Instructions for the task
Pictures in the listing below are skipped, while the lines from the "Ливинская Ирина Владимировна,Матвеев" line through the "Қамқоршылық кеңестің 2020-2021" line are returned word for word.

Records to process
################

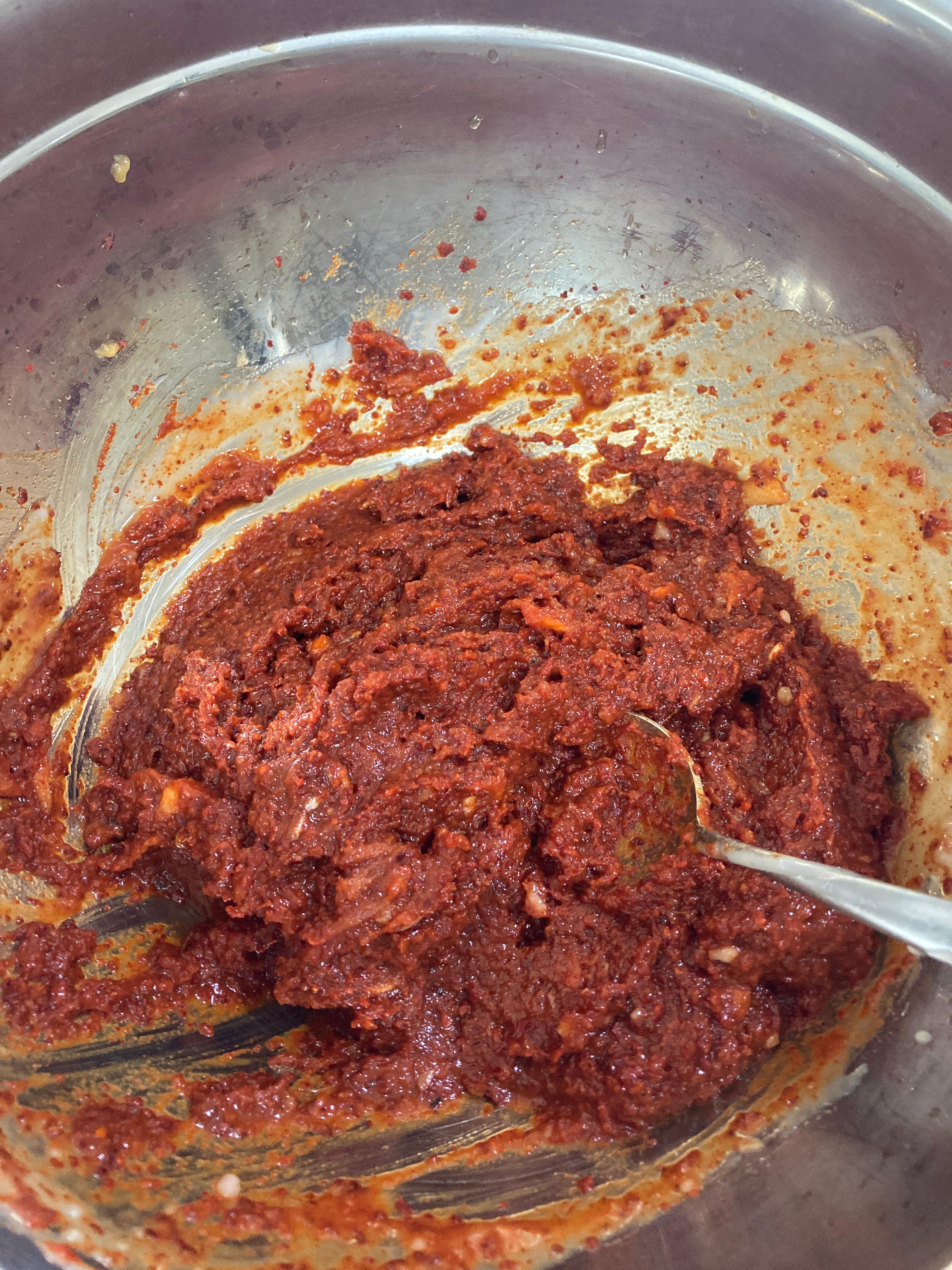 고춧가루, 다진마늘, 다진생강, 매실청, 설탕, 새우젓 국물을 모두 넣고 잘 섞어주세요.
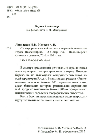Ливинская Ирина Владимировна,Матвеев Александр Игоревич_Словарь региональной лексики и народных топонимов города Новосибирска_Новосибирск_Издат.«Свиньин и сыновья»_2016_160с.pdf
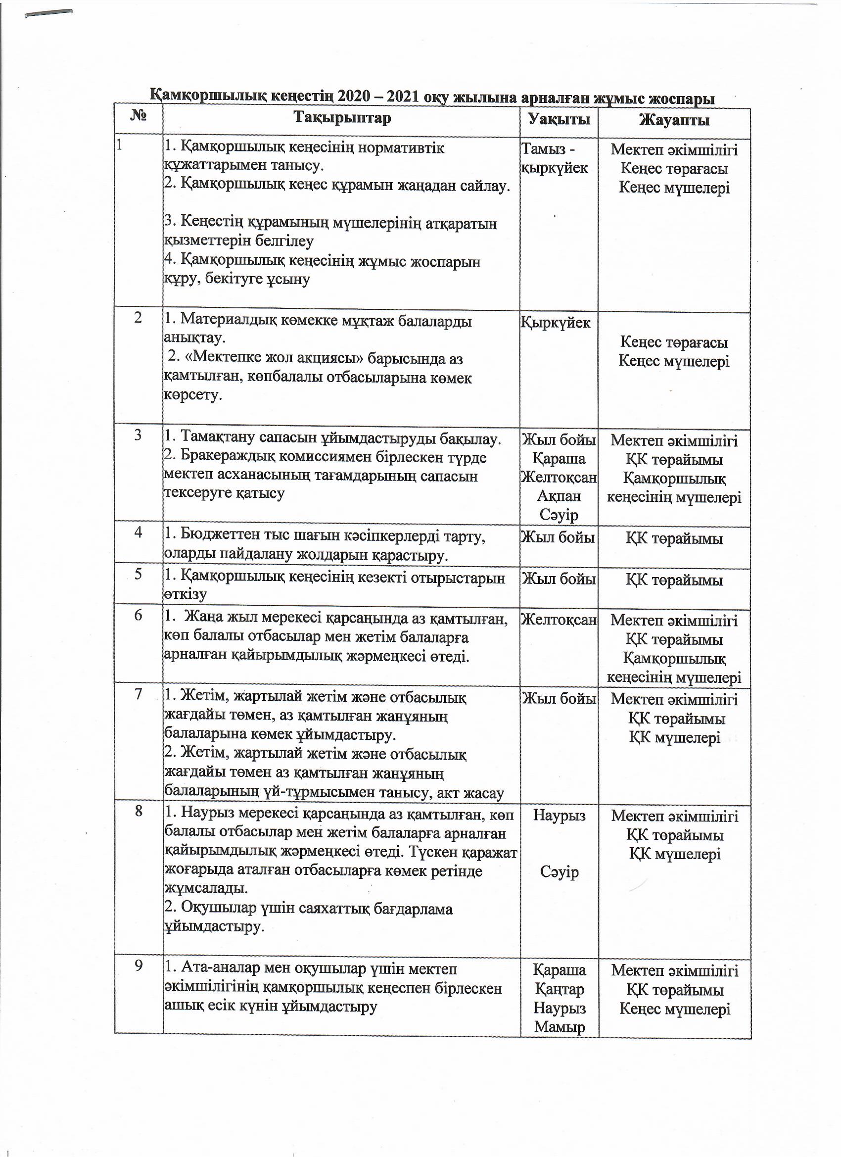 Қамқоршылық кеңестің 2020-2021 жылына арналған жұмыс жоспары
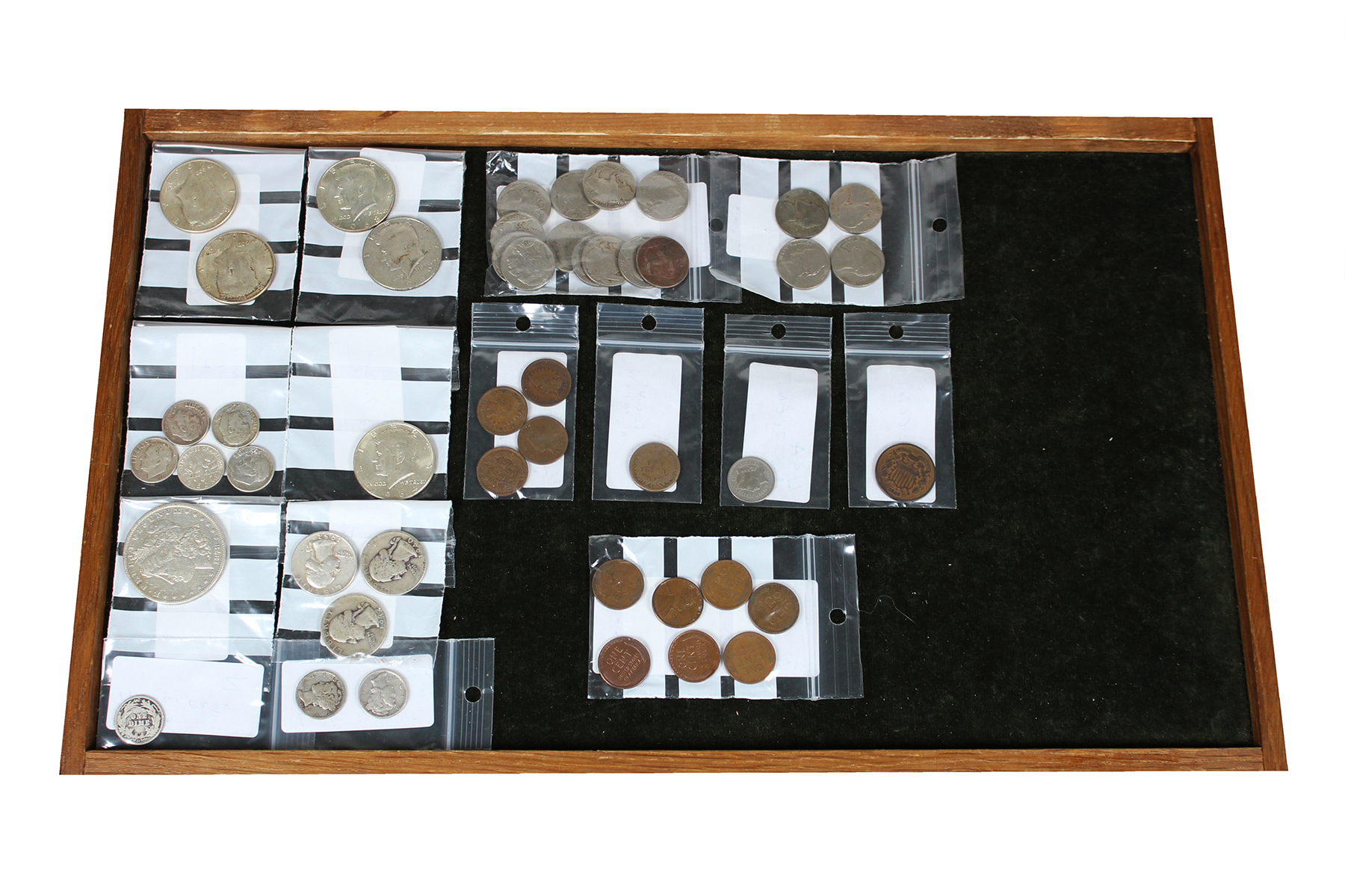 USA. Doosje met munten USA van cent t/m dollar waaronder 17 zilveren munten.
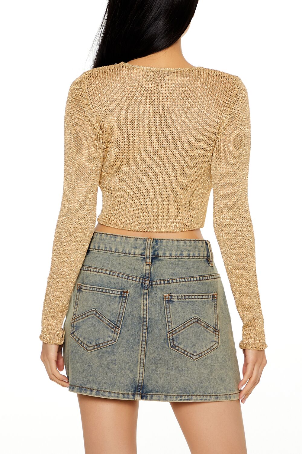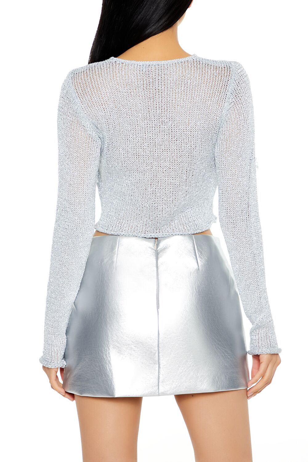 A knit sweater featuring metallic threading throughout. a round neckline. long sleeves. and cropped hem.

################

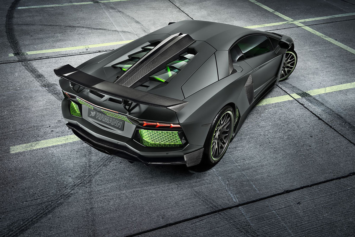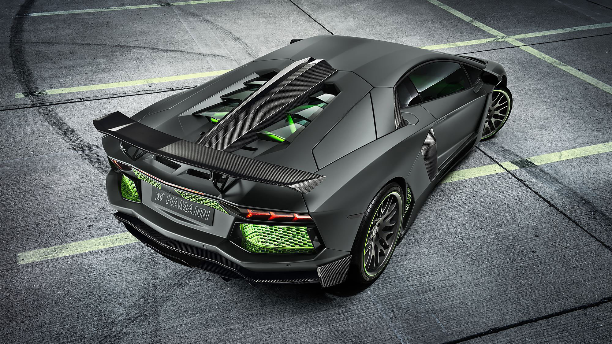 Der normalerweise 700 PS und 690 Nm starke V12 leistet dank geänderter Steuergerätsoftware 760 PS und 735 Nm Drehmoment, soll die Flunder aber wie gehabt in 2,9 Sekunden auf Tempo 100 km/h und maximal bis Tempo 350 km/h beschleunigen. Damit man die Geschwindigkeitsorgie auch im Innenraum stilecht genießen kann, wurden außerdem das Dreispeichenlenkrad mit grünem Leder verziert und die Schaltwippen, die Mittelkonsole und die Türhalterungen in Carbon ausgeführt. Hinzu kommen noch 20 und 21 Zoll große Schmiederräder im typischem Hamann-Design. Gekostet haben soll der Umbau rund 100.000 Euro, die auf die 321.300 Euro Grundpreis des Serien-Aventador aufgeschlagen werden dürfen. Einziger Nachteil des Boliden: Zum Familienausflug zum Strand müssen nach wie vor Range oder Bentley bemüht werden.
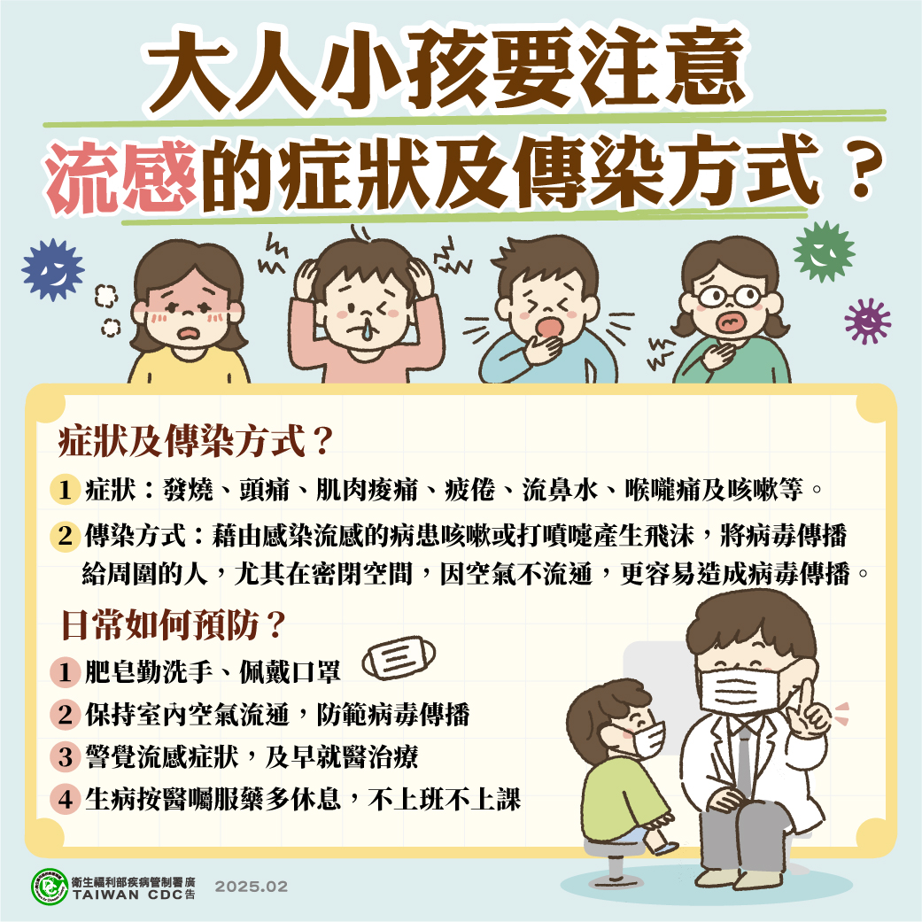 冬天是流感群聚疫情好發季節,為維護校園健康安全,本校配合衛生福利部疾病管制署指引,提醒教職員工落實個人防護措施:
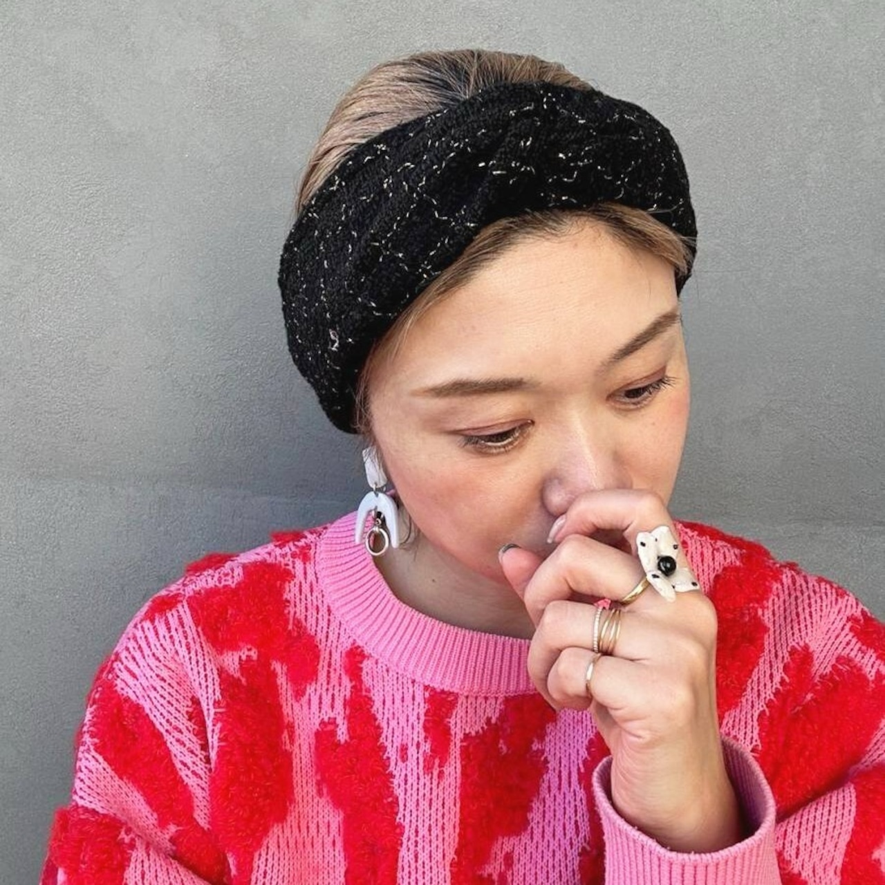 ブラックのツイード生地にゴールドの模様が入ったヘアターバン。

################

Result for this exercise
Ливинская Ирина Владимировна,Матвеев Александр Игоревич_Словарь региональной лексики и народных топонимов города Новосибирска_Новосибирск_Издат.«Свиньин и сыновья»_2016_160с.pdf
 Қамқоршылық кеңестің 2020-2021 жылына арналған жұмыс жоспары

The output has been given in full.